18.9.09

Financiamento será central para o sucesso da cimeira climática de Copenhaga

Por Ricardo Garcia, in Jornal Público

Investimentos necessários para a adaptação ao aquecimento global serão superiores à ajuda oficial que os países mais pobres recebem hoje para o desenvolvimento


Dinheiro. Sem isto, provavelmente, a próxima cimeira climática das Nações Unidas, a realizar em Copenhaga em Dezembro, não vai chegar a lado nenhum. E não é pequeno o montante. Segundo as estimativas mais recentes, o volume de financiamento de que os países pobres precisam para enfrentar o problema do aquecimento global poderá ser superior à ajuda internacional ao desenvolvimento que actualmente recebem.

A negociação de um pacote financeiro será um dos pontos centrais da cimeira de Copenhaga, que pretende chegar a um novo acordo climático pós-Protocolo de Quioto. Terá tanto peso nas negociações como a discussão de novas metas para se reduzirem as emissões de gases que estão a aquecer o planeta.

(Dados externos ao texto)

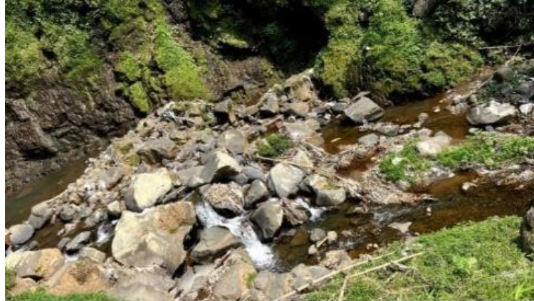
Gambar 1. Keadaan Curug Silawe sebelum dibersihkan

Pada tahap pelaksanaan, kegiatan dimulai dengan turun langsung ke lokasi untuk melakukan observasi partisipatif dan pengumpulan data. Tim ikut serta dalam kegiatan bersih-bersih untuk memahami kebiasaan pengelola terkait pengelolaan kebersihan kawasan wisata. Temuan awal menunjukkan bahwa sebelum kegiatan dilakukan, kondisi Curug Silawe belum mencerminkan destinasi wisata alam yang terkelola dengan baik. Area sekitar curug dipenuhi sampah dari alam, aktivitas pengunjung, hingga limbah rumah tangga warga sekitar seperti yang terlihat Gambar 1 sehingga menurunkan nilai estetika serta kenyamanan wisatawan.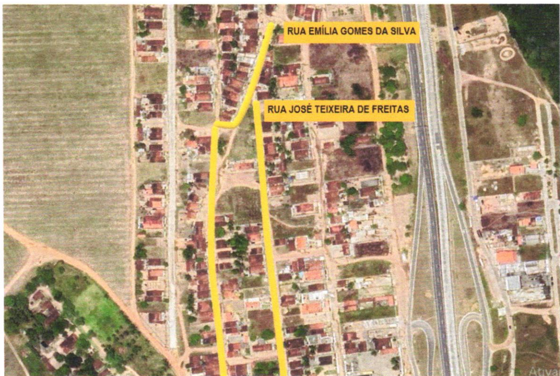
Rua José Teixeira de Freitas – Bairro Cidade Nova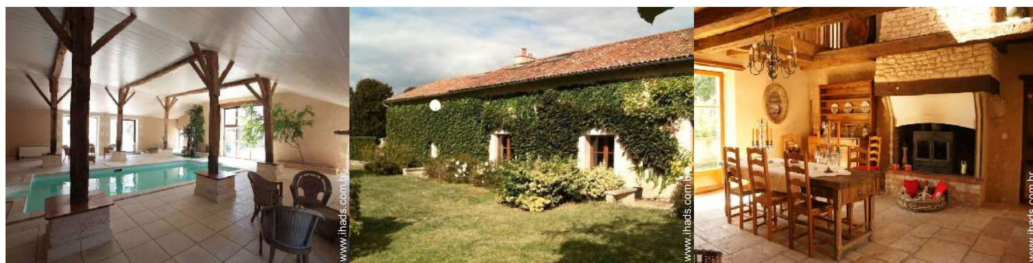
Casa típica de Encanto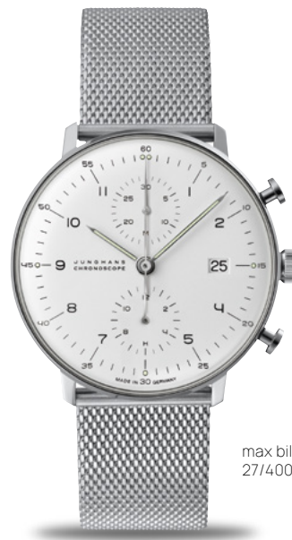
max bill Chronoscope 2714003.46

Automatikwerk J800.5 | Gehäuse Edelstahl Ø 40,0 mm | Saphirglas | wasserdicht bis 5 bar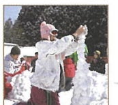
하치키타 스키 페스티벌

"Sem financiamento, não haverá acordo em Copenhaga", antecipa Rosário Bento Pais, chefe-adjunta da Unidade para Alterações Climáticas da Direcção-Geral do Ambiente da Comissão Europeia.

Os números são superlativos. Para que o mundo se adapte a um aumento médio da temperatura entre 1,1 e 4,4 graus até ao final do século, serão precisos investimentos entre 33 e 116 mil milhões de euros por ano a partir de 2030, segundo uma avaliação da ONU. Para os países em desenvolvimento, em particular, os custos serão de 18 a 45 mil milhões.

Quem paga e como

Contabilizando também o custo do controlo das emissões de dióxido de carbono (CO2), a Comissão Europeia chegou a cifras ainda maiores: os países em desenvolvimento necessitarão de 100 mil milhões de euros anuais a partir de 2020. É mais do que o fluxo presente de ajuda oficial ao desenvolvimento -81 mil milhões em 2008.

Copenhaga vai discutir quem vai pagar essa factura e como. "A questão não é só saber quais serão as metas [de redução de emissões], é saber com que instrumentos financeiros e com que eficiência económica se vão atingir essas metas", diz Jorge Moreira da Silva, consultor para alterações climáticas do Programa das Nações Unidas para o Desenvolvimento.

As Nações Unidas já dispõem de um fundo de adaptação, alimentado com parte dos créditos gerados por projectos financiados pelo mundo industrializado para reduzir emissões em países em desenvolvimento.

Mas as estimativas das necessidades estão muito acima do que há disponível. "Estamos a falar de números completamente diferentes, de uma magnitude nunca antes falada", afirma Rosário Pais.

As duas primeiras vendas de créditos do Fundo de Adaptação, realizadas este ano, geraram 13 milhões de euros - apenas um por cento do investimento anual que se considera necessário no mundo.

Um estudo publicado em Agosto sustenta, ainda, que os cálculos até agora têm sido muito conservadores. Realizado por duas instituições britânicas - o Instituto Internacional para o Ambiente e o Desenvolvimento e o Imperial College de Londres -, argumenta que os cálculos da ONU deixaram de fora ou consideraram apenas parcialmente os efeitos das alterações climáticas sobre sectores como o turismo, os ecossistemas, a energia, a indústria e o comércio.

A análise conclui que os investimentos necessários serão duas a três vezes superiores aos previstos pela ONU. "Acredito que os custos possam subir ainda mais, à medida que os compreendermos melhor", afirma Martin Parry, investigador do Imperial College que liderou o estudo.

Ninguém contesta que os países desenvolvidos - os primeiros responsáveis pelo aquecimento global - devem pagar parte das necessidades de adaptação do mundo em desenvolvimento. Os montantes envolvidos podem assustar nas negociações, mas Martin Parry acha que não se devem esconder os números. "Eu diria que o realismo é melhor", afirmou ao PÚBLICO.